Winter
The last week in January and the first week in February, in my opinion, is the best time for transplanting trees and plants. Evergreens are in a somewhat state of dormancy and deciduous trees are fully dormant. Here in north Florida we can already begin to experience springtime weather in February so I do not wait any later than the first week. I have a question for you, The stimulus that triggers trees and plants to "awaken" in the spring, is it caused by overall temperature for a certain amount of time? Or is it amount or length of daylight?, is it both?, or is it different reasons for different trees and plants? I would be happy to hear your answers. email Suzette
I move only small trees for several reasons. The first of which is that they are easier to move. They recover better. You almost always have better success. I believe a tree will come back quicker and therefore continue to grow at a normal or near normal rate the very first year. It might even reach or surpass a larger transplanted tree of the same species planted at the same time.
Dig as much of the root ball as you possibly can handle. I have even pulled small trees up by their roots if the soil is loose enough and damp enough.
I have the hole the tree is supposed to be placed in already dug and waiting . This prevents the roots from drying out too much. This hole should be 1 1/2 - 2 times the size of the root ball that you have dug. If I have a plant that I have pulled up by its roots I kind of have to imitate the pattern of the roots when I dig its hole. Which means you won't know what that pattern is until you've pulled it up. Therefore the roots will be exposed for a longer time. They can be easily wrapped in something wet or throw wet pine straw over them.
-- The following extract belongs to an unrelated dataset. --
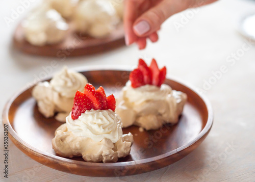 the process of creating Pavlova dessert, decorating the meringue with strawberries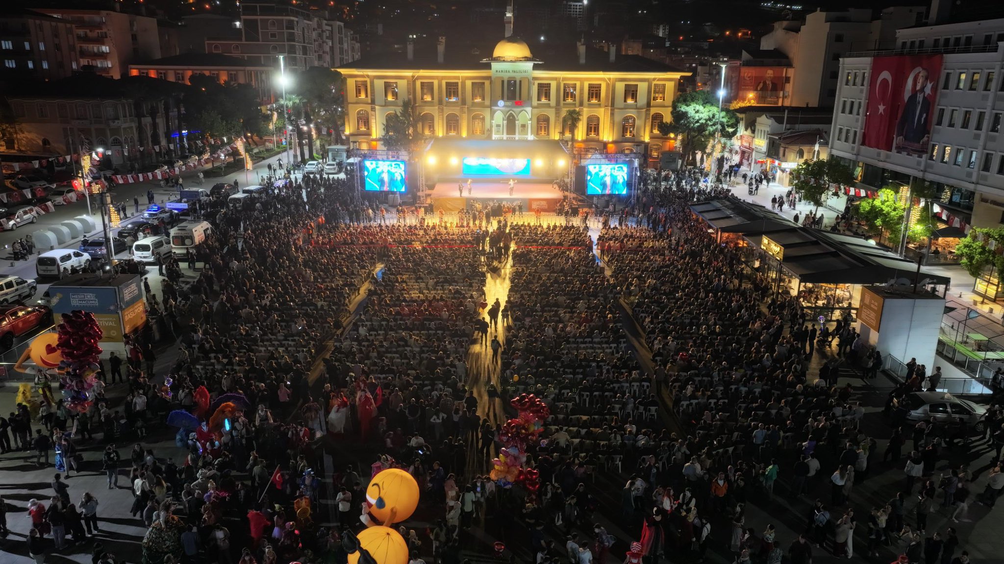 Program, sahne alan yerli ve yabancı halk dansları ekiplerinin gösterileriyle devam etti. İlk olarak Ege yöresine ait oyunlar sahnelenirken, ardından Litvanya, Kazakistan ve Kuzey Makedonya’dan gelen ekipler ülkelerine özgü danslarını sergileyerek izleyenlere görsel şölen sundu. Yoğun katılımın olduğu etkinlik, vatandaşların alkışları eşliğinde sona ererken, festival coşkusu Manisa’nın dört bir yanına yayılmaya devam ediyor.

Plant the tree or plant at the same depth it was growing at in its original spot. I might add a little decomposed leaf litter to the soil if it is hard clay. Backfill trying to cover the roots well, with as few air pockets as possible. Water in so that it settles the soil in around the roots. Remember to help the tree through its first year when droughts come along by extra soaking watering. If you only water it lightly during a drought the surrounding dry ground will draw the water away.
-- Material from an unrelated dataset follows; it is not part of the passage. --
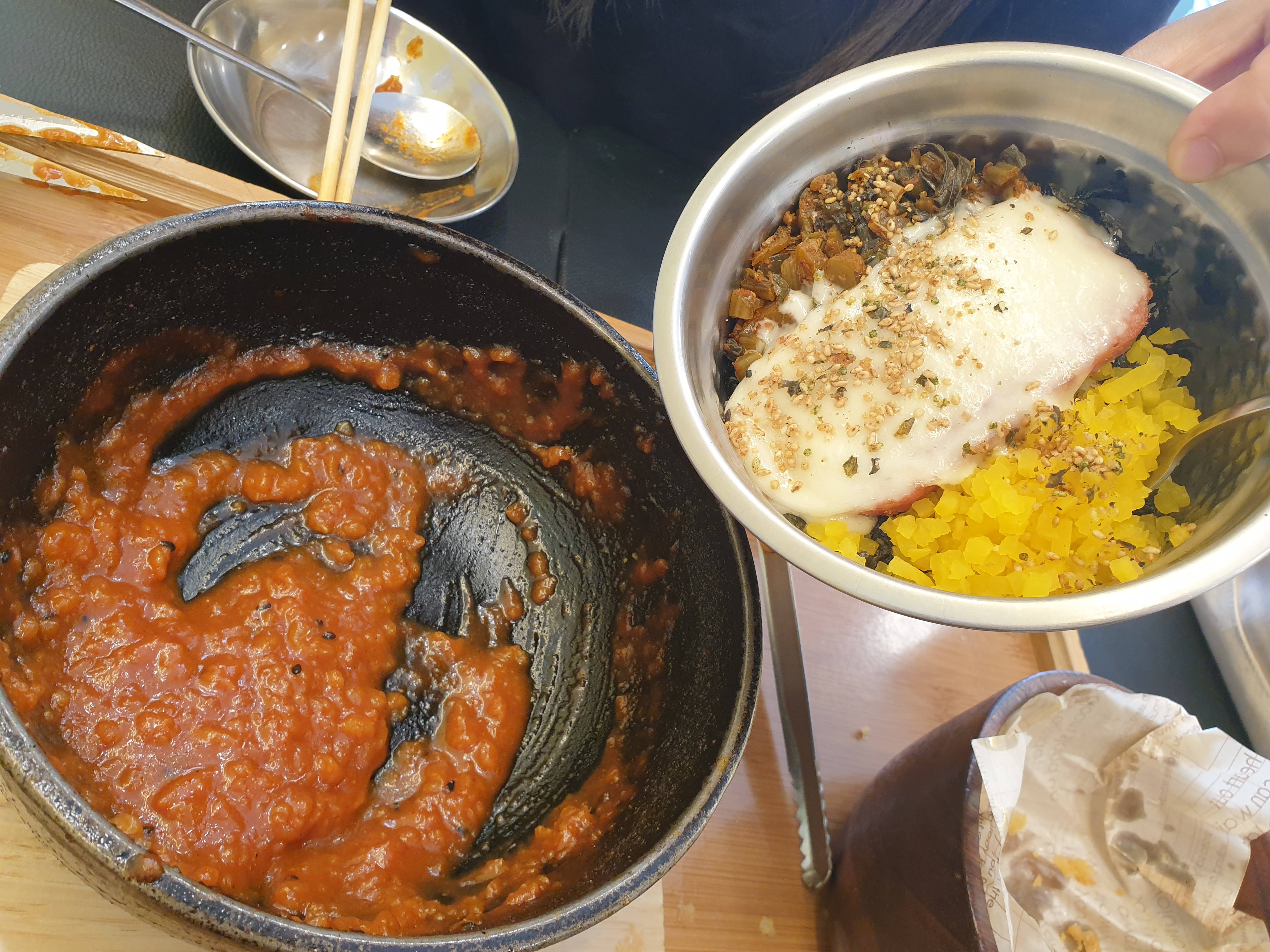 떡볶이를 다 먹구 주물냄비에 남은 소스와 비벼 먹으면

Other things I have done around the yard are cutting back dead and, or frozen plants, letting the cut up material fall to the ground. I also do a lot of fixing up around the yard since there is not a lot of other yard work happening. I have large pine branches that edge my beds. They take a bit more work than one would think. I am using this time to replace all the rotten wood. There are lots of pines around my acreage, so I have a constant supply of limbs. I select the ones that fit what I want them for. Such as; certain limbs have the right curve to them where I need curves, certain branches have crooks if I need a sharp bend, and some are straight. If you cannot find the proper bend or length use a hatchet to cut the branch. Several short lengths placed down in a curve can be formed to make a nice bend.
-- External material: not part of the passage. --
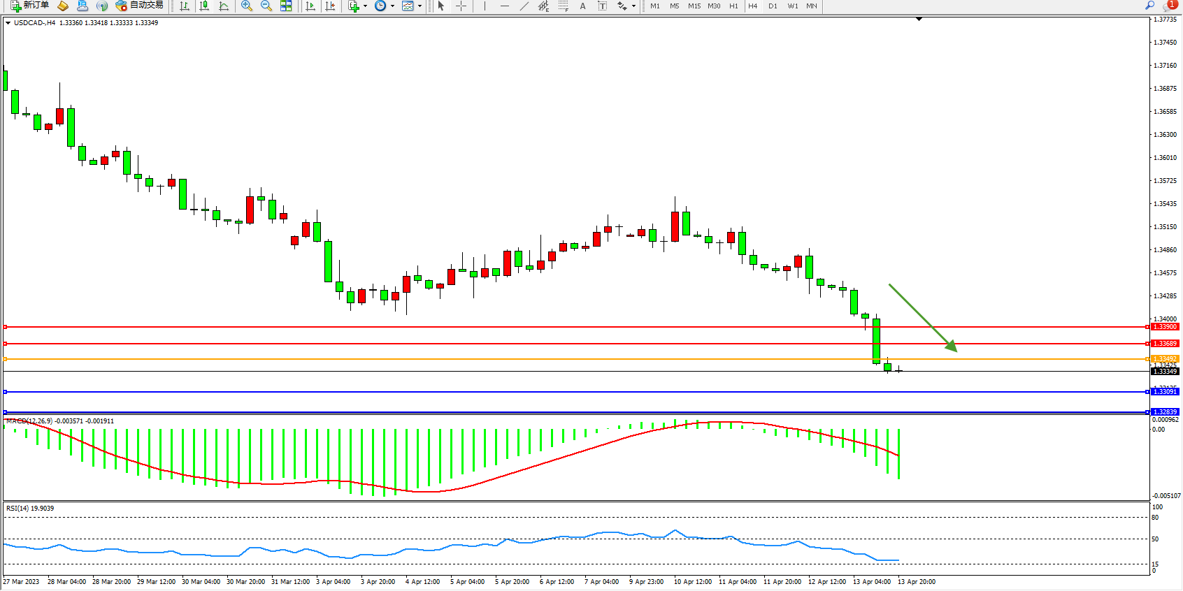 美元加元USDCAD——4小时K线图显示:

Also, at this time I have left a light layer of pine straw that last fell. This layer is left because it helps prevent wear on weak lawns. With two children, their friends and three dogs romping around the place. The grass in winter can be worn down to the soil. I have found this very effective in keeping the wear down. If you don't have this kind of wear or if your grass is in great shape, tight and in good sun, you can neaten up a lawn by just using a lawn mower that mulches. This will clean up all the little bits of debris on the surface of your lawn.